RCT: A Robot-Collected Touch-Vision-Language Dataset for Tactile Generalization

For robots manipulating open-world objects, tactile representations must generalize to unseen materials. We introduce RCT (Robotic Contact Tactile), a robot-collected touch-vision-language dataset with 29,279 tactile frames from full robot presses on 122 industrial reference materials in 7 categories, recorded with three DIGIT sensors at multiple contact positions. RCT preserves each press as a contact sequence, enabling held-out evaluation across materials, categories, sensors, contact positions, and contact sequences. Frames from one press are strongly correlated: frame-random splits can place near-duplicate observations of the same physical interaction in both training and test.

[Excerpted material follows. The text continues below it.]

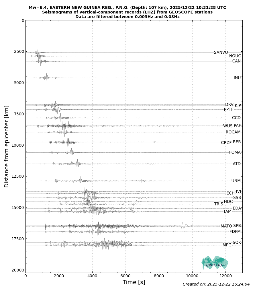 M6.4 - EASTERN NEW GUINEA REG., P.N.G. - 2025/12/22 10:31:28 UTC | Geoscope

With the encoder held fixed, removing contact-sequence overlap reduces tactile-to-text Recall@1 by 17.7 percentage points. When materials are additionally held out at training time, performance drops sharply, leaving held-out-material Recall@1 at 25.1 +/- 6.1% averaged over three held-out draws. The public TVL/HCT split shows the same structure: every test contact sequence appears in training, and raw-pixel nearest neighbors recover the correct sequence in 98.3% of cases. Uniformly sampling a press improves contrastive training, and RCT-trained embeddings improve category probes on unseen materials. RCT makes contact-sequence-aware, held-out-material evaluation reproducible and exposes novel-material generalization as a central challenge for robotic tactile perception. The RCT dataset is open-sourced at https://faerber-lab.github.io/RCT/